I don’t believe there are any non-deterministic operations in use (I checked, and e.g. running without the torch.jit.script decorator works fine), so is this a sign that the ‘backward JIT code’ also needs a warmup or so? Or does torchscript generally produce non-deterministic backward passes?
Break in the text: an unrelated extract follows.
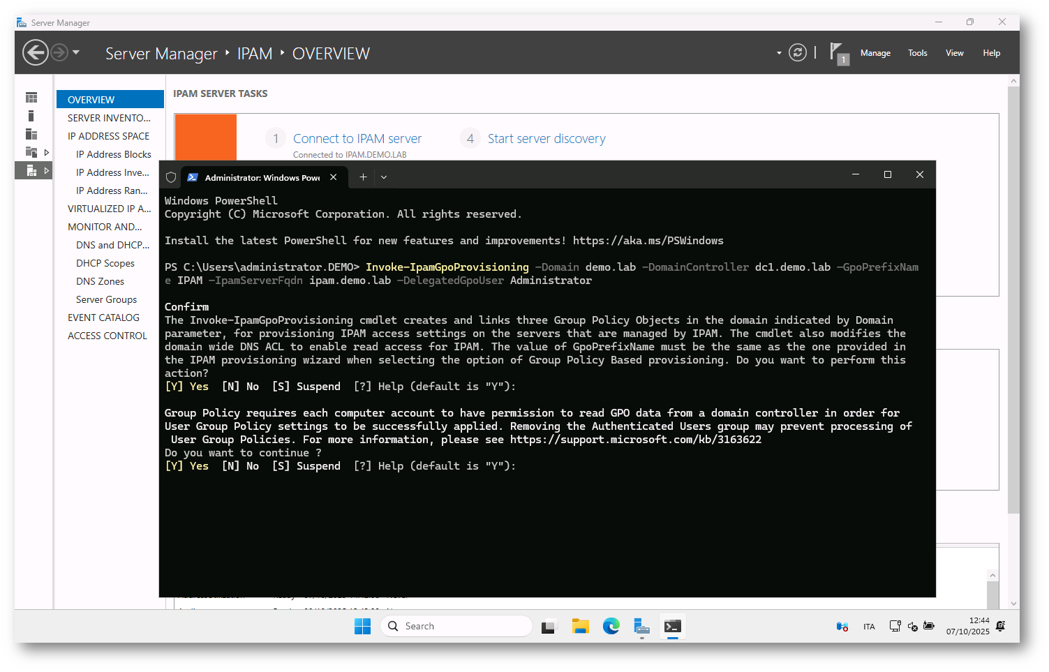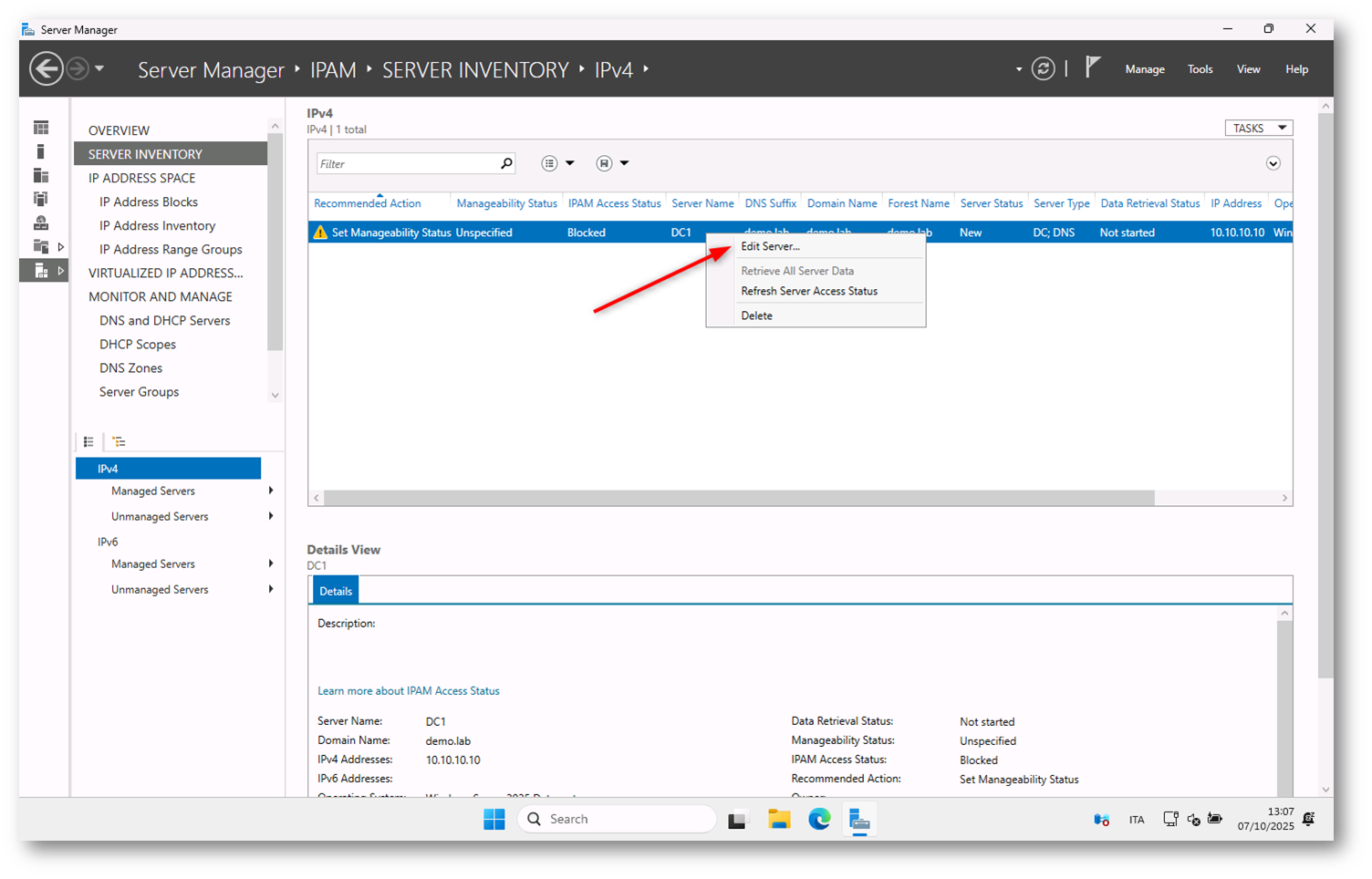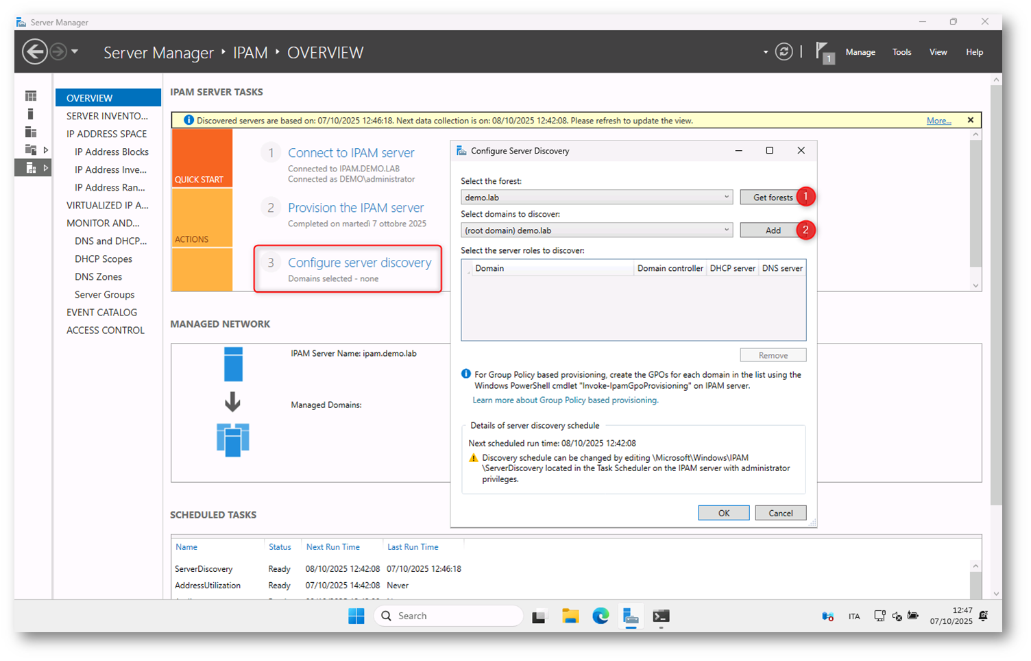 1. Connect to IPAM server – Connessione al server IPAM (in questo caso IPAM.demo.lab).

If I change there to be three autograd calls at the end, the first with raise_exception=False, but then the next two with True, then I get:

1.12.1
False
PATH/lib/python3.9/site-packages/torch/autograd/__init__.py:276: UserWarning: FALLBACK path has been taken inside: runCudaFusionGroup. This is an indication that codegen Failed for some reason.
To debug try disable codegen fallback path via setting the env variable `export PYTORCH_NVFUSER_DISABLE=fallback`
 (Triggered internally at  /opt/conda/conda-bld/pytorch_1659484775609/work/torch/csrc/jit/codegen/cuda/manager.cpp:334.)
  return Variable._execution_engine.run_backward(  # Calls into the C++ engine to run the backward pass
True
True

Hmm, what is going on here?

More info:
If I set export PYTORCH_NVFUSER_DISABLE=fallback like it suggests then I see this again:

...
RuntimeError: The following operation failed in the TorchScript interpreter.
Traceback of TorchScript (most recent call last):
RuntimeError: Cannot access data pointer of Tensor that doesn't have storage
...